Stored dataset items

== Segment start ==

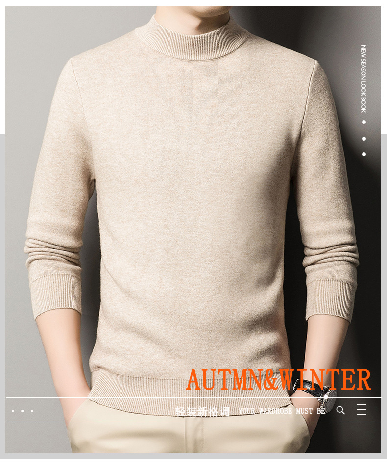 남자의 가을과 겨울 새로운 하프 하이 칼라 니트웨어 남자의 기모 두꺼운 스웨터 남자의 캐주얼 베이스 셔츠 남성 의류 공장스토어 가기
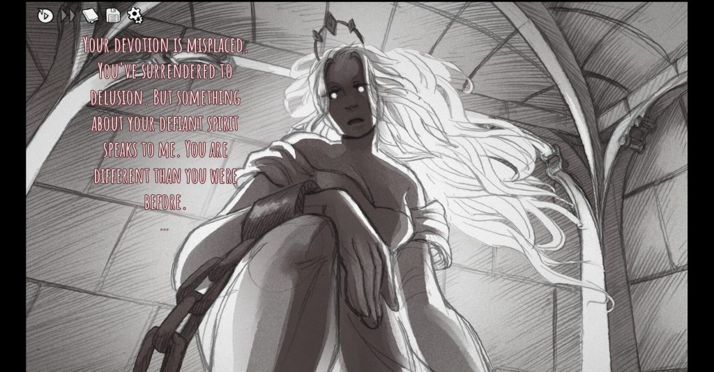 至于声音设计,这也很棒。音乐时而忧郁,时而神秘,甚至偶尔令人振奋。而且配音真的很令人愉快。我喜欢公主本人的系列,它可以从活泼可爱到完全可怕和险恶。英雄的各种心灵碎片也很有趣,尽管我最喜欢的是 Smitten,它听起来很像《What We Do In The Shadows》中的吸血鬼 Laszlo。当艺术作品和精湛的音频设计结合在一起时,您就拥有了如何制作视觉小说的杰作。
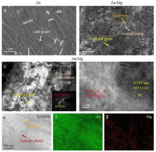 在纯锌支架的显微组织中可以观察到大小为1-10μm的板条状晶粒。相比之下,锌镁支架中则为任意分散的细小的胞晶和柱状亚晶粒(<1μm)和枝晶,LPBF锌镁支架的晶粒尺寸远小于铸造支架(~30μm),晶粒尺寸的细化可归因于镁的晶粒细化能力及LPBF过程中的快速凝固。在HAADF图像中观察到枝晶颗粒和共晶结构(图1e),TEM-EDS图谱分析表明镁元素在共晶相中相对富集,Mg的加入促进了板条粗晶向细晶+柱状晶的转变和Mg2Zn11沉淀的产生。而熔池中的强对流和快速凝固有利于元素的扩散和均匀化。
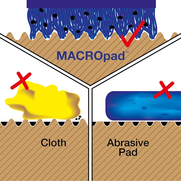 Patented MACROfibre has been independently tested to show that it is up to 1000 X less abrasive than other deep cleaning products on the market.
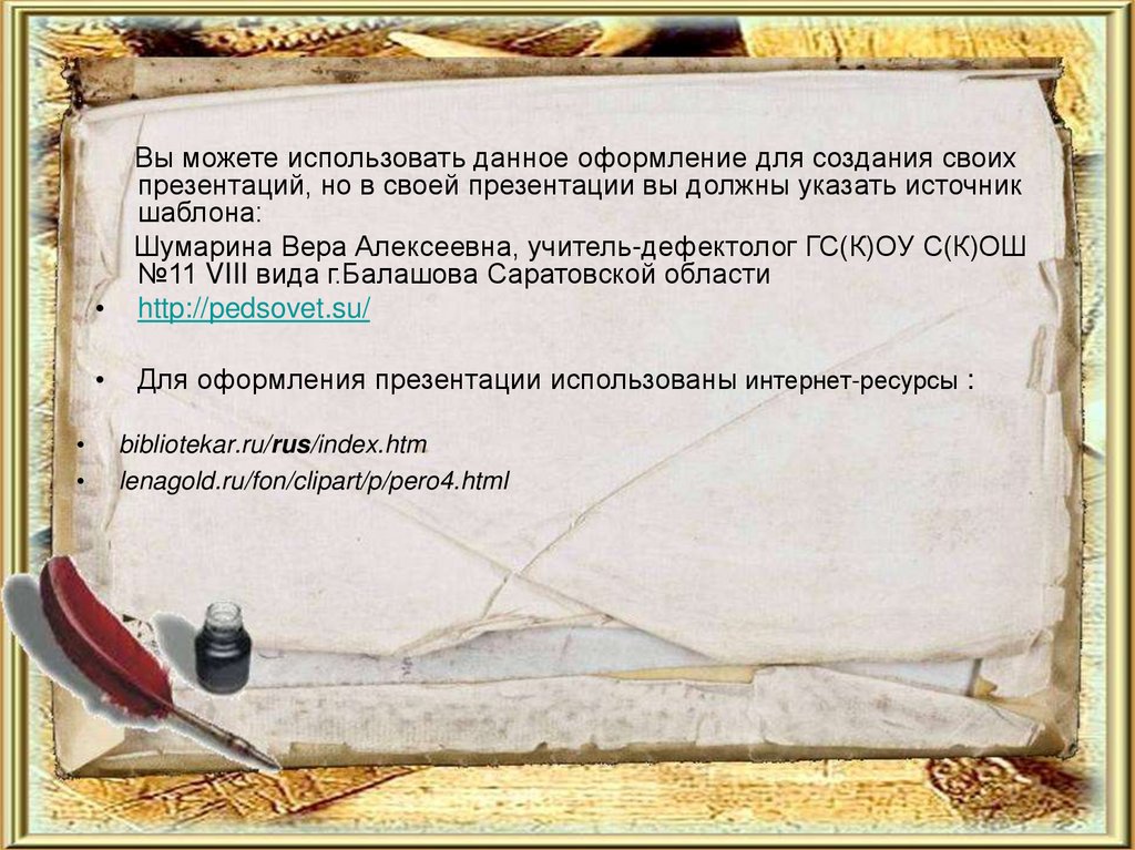 Для оформления презентации использованы интернет-ресурсы :
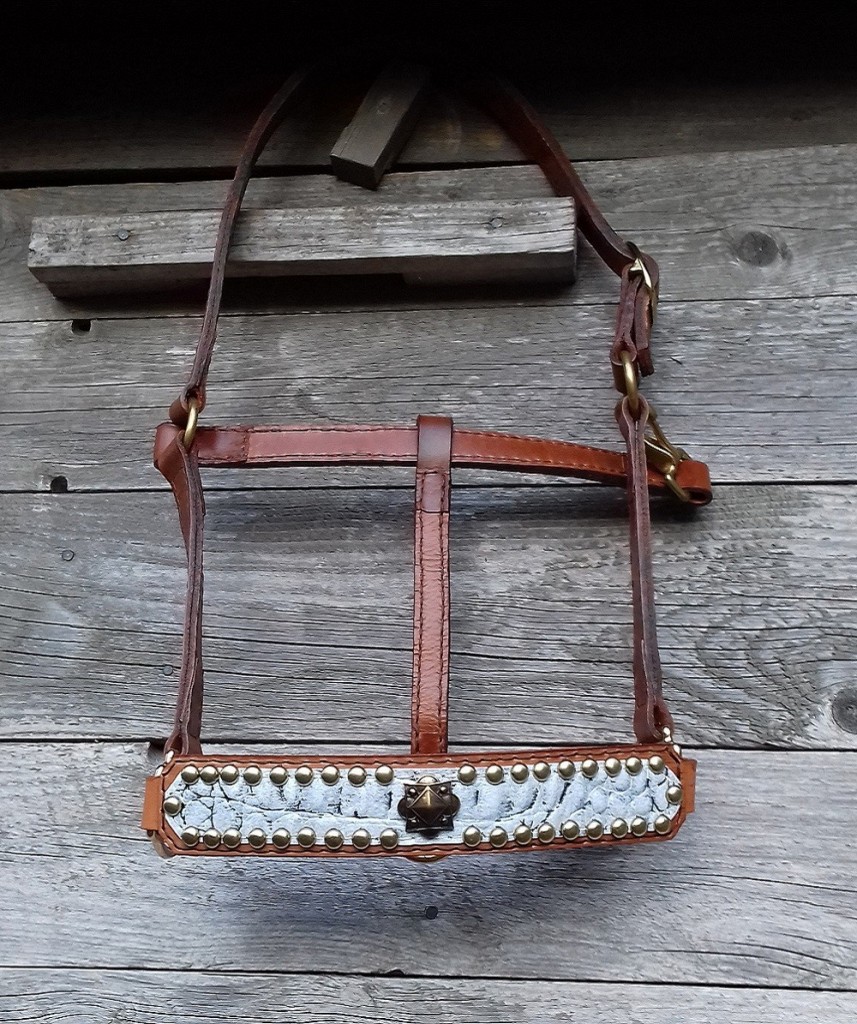 Håndlaget lærgrime. Mellombrunt lær, belagt med hvitt, preget skinn. Ringer og spenner i messing. Pyntedetaljer i antikk messing/messing. Justerbar nakke- og nesereim. Håndsøm.
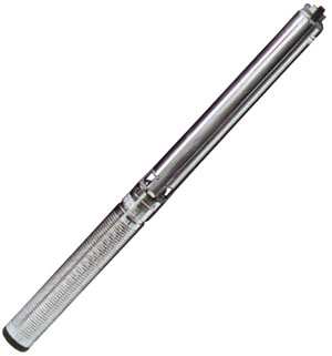 Elettropompa centrifuga multistadio per pozzi da 4. Motore in bagno di liquido refrigerante. Camicia esterna in acciaio inox di generoso spessore per garantire una notevole robustezza meccanica.
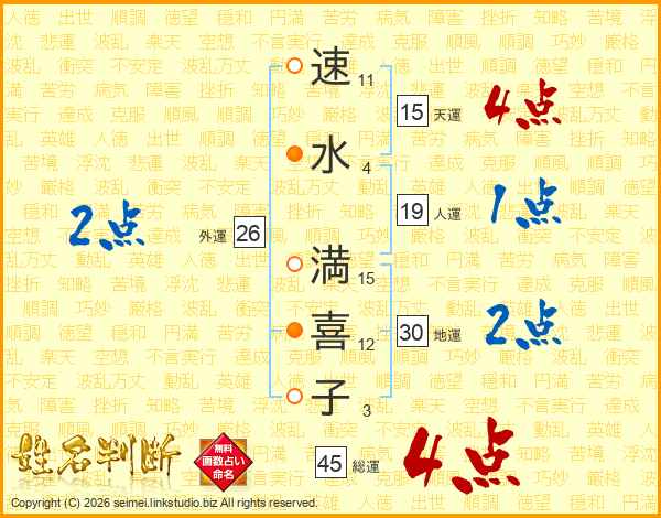 速(11画)水(4画) 満(15画)喜(12画)子(3画)
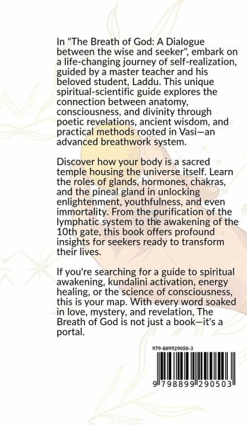 The Breath of God: Awakening Through Flesh and Spirit In this rare and transformative work, a loving soul guiding Other souls, on a sacred journey that bridges spiritual enlightenment and scientific anatomy. Through heartfelt dialogues and deep revelations, the reader is shown how the human body itself holds the keys to immortality, divine light, and cosmic oneness. Combining ancient wisdom with modern understanding, The Breath of God uncovers the hidden truths about chakras, glandular systems, Vasi breathing, and the legendary 10th Gate. Readers will discover how disciplines like Surya Kalai (Sun Phase) and Chandra Kalai (Moon Phase) ignite inner transformation - purifying the rivers of blood, lymph, and glymph - to unlock the full potential of the human body and spirit.
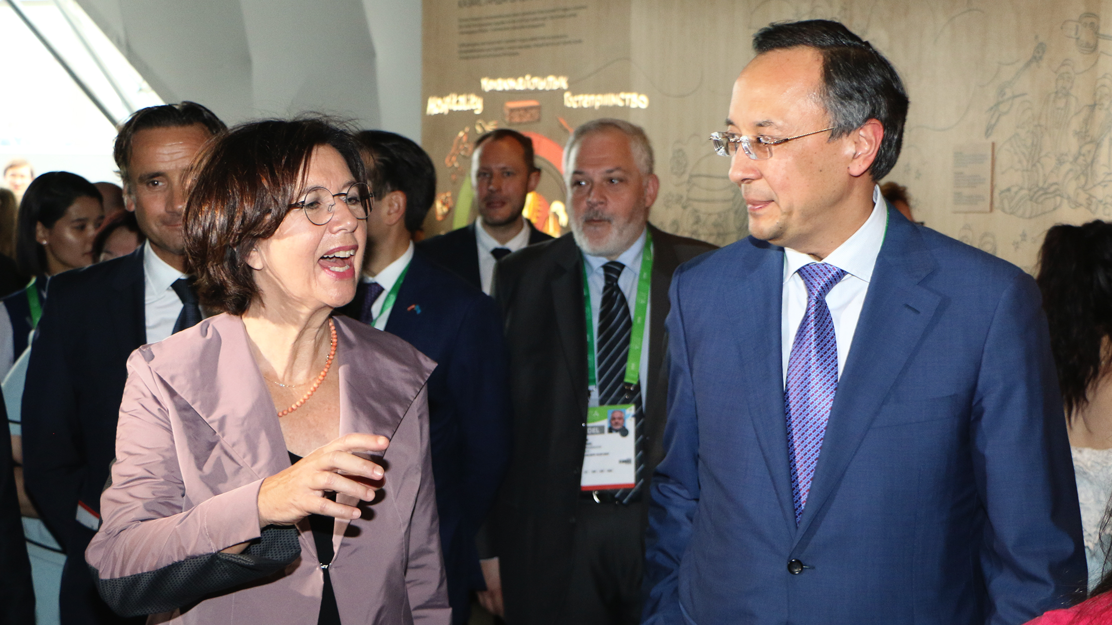 Christine Muttonen, President of OSCE Parliamentary Assembly, speaking to Minister of Foreign Affairs Kairat Abdrakhmanov, at the site of Astana EXPO-2017, 14 June 2017.

== Segment end ==

* **PROBLEM**
Transcribe every entry word for word, but omit the pictures.

* **EXERCISE SOLUTION**
 남자의 가을과 겨울 새로운 하프 하이 칼라 니트웨어 남자의 기모 두꺼운 스웨터 남자의 캐주얼 베이스 셔츠 남성 의류 공장스토어 가기
 至于声音设计,这也很棒。音乐时而忧郁,时而神秘,甚至偶尔令人振奋。而且配音真的很令人愉快。我喜欢公主本人的系列,它可以从活泼可爱到完全可怕和险恶。英雄的各种心灵碎片也很有趣,尽管我最喜欢的是 Smitten,它听起来很像《What We Do In The Shadows》中的吸血鬼 Laszlo。当艺术作品和精湛的音频设计结合在一起时,您就拥有了如何制作视觉小说的杰作。
 在纯锌支架的显微组织中可以观察到大小为1-10μm的板条状晶粒。相比之下,锌镁支架中则为任意分散的细小的胞晶和柱状亚晶粒(<1μm)和枝晶,LPBF锌镁支架的晶粒尺寸远小于铸造支架(~30μm),晶粒尺寸的细化可归因于镁的晶粒细化能力及LPBF过程中的快速凝固。在HAADF图像中观察到枝晶颗粒和共晶结构(图1e),TEM-EDS图谱分析表明镁元素在共晶相中相对富集,Mg的加入促进了板条粗晶向细晶+柱状晶的转变和Mg2Zn11沉淀的产生。而熔池中的强对流和快速凝固有利于元素的扩散和均匀化。
 Patented MACROfibre has been independently tested to show that it is up to 1000 X less abrasive than other deep cleaning products on the market.
 Для оформления презентации использованы интернет-ресурсы :
 Håndlaget lærgrime. Mellombrunt lær, belagt med hvitt, preget skinn. Ringer og spenner i messing. Pyntedetaljer i antikk messing/messing. Justerbar nakke- og nesereim. Håndsøm.
 Elettropompa centrifuga multistadio per pozzi da 4. Motore in bagno di liquido refrigerante. Camicia esterna in acciaio inox di generoso spessore per garantire una notevole robustezza meccanica.
 速(11画)水(4画) 満(15画)喜(12画)子(3画)
 The Breath of God: Awakening Through Flesh and Spirit In this rare and transformative work, a loving soul guiding Other souls, on a sacred journey that bridges spiritual enlightenment and scientific anatomy. Through heartfelt dialogues and deep revelations, the reader is shown how the human body itself holds the keys to immortality, divine light, and cosmic oneness. Combining ancient wisdom with modern understanding, The Breath of God uncovers the hidden truths about chakras, glandular systems, Vasi breathing, and the legendary 10th Gate. Readers will discover how disciplines like Surya Kalai (Sun Phase) and Chandra Kalai (Moon Phase) ignite inner transformation - purifying the rivers of blood, lymph, and glymph - to unlock the full potential of the human body and spirit.
 Christine Muttonen, President of OSCE Parliamentary Assembly, speaking to Minister of Foreign Affairs Kairat Abdrakhmanov, at the site of Astana EXPO-2017, 14 June 2017.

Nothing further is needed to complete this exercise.